Monday, August 22, 2011

New City, New Perspectives

I have recently moved into an apartment in Madison, WI. I live very close to campus and all the people and noise that that entails. It's nice to once again be around people. It's nice not having to plan two weeks in advance to do an errand run. I think I'm glad to be here, but that could change in a couple weeks when school starts up.

I won't be starting school this semester. I'm going to wait until the Spring semester to transfer. Hopefully, this gives me time to work and save up some money.  I'm working at the State Law Library part-time. It's a nice library. I'll get to boost my resume with some new programs and special skills. Training this week is just proving to be a little slow. I've done many of the tasks already. If the training was more structured, I could be done in two days. At this rate I won't be done until the end of the week. I'm also hoping that the UW Bookstore will hire me. I had an interview which went well. Now I just get to wait to hear back from them. Keep your fingers crossed for me. Work should keep me busy this semester, even if I have to do some more searching for a second position. (I have an application for a full time library position at a Madison Public library. However, I'm not super confident I'll get a call for an interview on that one. I think they're looking for someone older. Silly stereotypes getting in my way!)

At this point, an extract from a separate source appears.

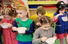 Завтрак съешь сам.. Считается, что слова этого известного изречения принадлежат знаменитому полководцу Суворову Александру Васильевичу. Утренняя трапеза призвана наполнять энергией и заряжать бодростью. А главным "поставщиком" сил, бодрого настроения и крепости духа считается каша. Каша – одно из самых распространенных блюд русской кухни. Она питательна, полезна, сытна и легко усвояема организмом. Не забывали о ней и во время Великой Отечественной войны. Полевая кухня всегда шла впереди войска. Задачей поваров было приехать на место стоянки раньше солдат и ждать их с горячей едой. Одним из главных блюд бойцов Советской армии по время Великой Отечественной войны была именно фронтовая каша из гречки и тушенки. Отсюда и название - солдатская каша. Варили её в большом количестве, в огромных котлах над костром. Историю возникновения солдатской каши опять-таки приписывают великому полководцу Суворову А.В. По легенде, в одном из походов, когда запасы продуктов подходили к концу, Суворов предложил сварить кашу для солдат из всего, что осталось в наличии. В дело пошли не только остатки сала и мяса, но и крупы: горох, перловка, пшено и гречка. Солдаты были накормлены, а это считалось главным залогом успешного сражения. Сегодня мы с ребятами перенеслись в далёкие времена, когда наши деды и прадеды в перерывах между боями устраивали привал, и отведали горячей солдатской каши, с любовью и теплотой приготовленной нашими поварами. Каша получилось ароматной, вкусной, разваристой. И взрослые, и дети получили заряд восторженных эмоций. Спасибо нашим поварам за старание! -

But what am I to do when I'm not working? I'm on a very, very tight budget. That cuts out going out and meeting people in bars and such. I'm not in classes or even a student, so those welcome week events aren't open to me. I am living with a nursing student, Sarah. She seems really nice, but she's at home this week. I'm not sure if we'll have a close relationship since we haven't spent much time together, yet. I could look up some of the people from Rio who are attending Madison. I just think it would be weird if I'm like "Hey, we haven't talked for six years or so. Want to hang out?" I wasn't super close friends with the people in my class from East Troy who came here, either. I'll just have to do some brain storming I suppose. Who knows, maybe I'll meet people when I go to give plasma tomorrow.



Tuesday, August 2, 2011

The Summer Between

I'm long overdue for an update here. Once I arrived in the US after my week long journey filled with miscommunications and cultural frustrations, I wasn't really in the right mind set to post on what the readjustment has been like. So, a month later I'm finally writing this.

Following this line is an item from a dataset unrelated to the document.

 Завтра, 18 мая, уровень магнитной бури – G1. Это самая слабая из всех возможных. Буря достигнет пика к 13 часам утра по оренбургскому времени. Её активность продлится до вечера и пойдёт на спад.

There are days where Georgia seems like a long ago dream. There are others that make me regret my decision not to renew my contract. Overall, I'm making the big adjustments (transferring to UW Madison in the spring, moving to Madison this fall, getting a job) that I need to in order to continue on in life. I'm enjoying seeing friends and spending time with family. I can once again drive and understand all the conversations around me not just bits and pieces. I have all my luxuries like free wi-fi and easily accessed libraries. It's been a good month back.

However, I still say "modloba" instead of "thank you" sometimes. I think our money looks weird and really, really miss Georgian coins (kinda an odd thing to miss, but I never said I was normal did I?). I have a ton of stories to tell people, but when I'm asked about my trip I'm at a loss of words. I can no longer cross the street like an American and find myself bracing for the crazy driving of Georgia. I miss bargaining for things at the market. Almost everyday I see or read something that gives me an idea for a lesson plan. Those are the days that I want to jump on a plane and fly back.

I don't know how to bring this to a close. I'm still in an inbetween place when it comes to my thoughts and feelings about the whole experience. I wouldn't change my decision to go to Georgia, but there are many challenges that I wish I could have been more prepared to handle. I recommend the program to anyone who is considering taking the risk of volunteering overseas. I walked away knowing and being more than I imagined (I had some pretty high expectations about how I'd change too, so that's saying something).I want to go back, and I want to travel more.

I'll just have to find some more adventures while I save up the money to do just that.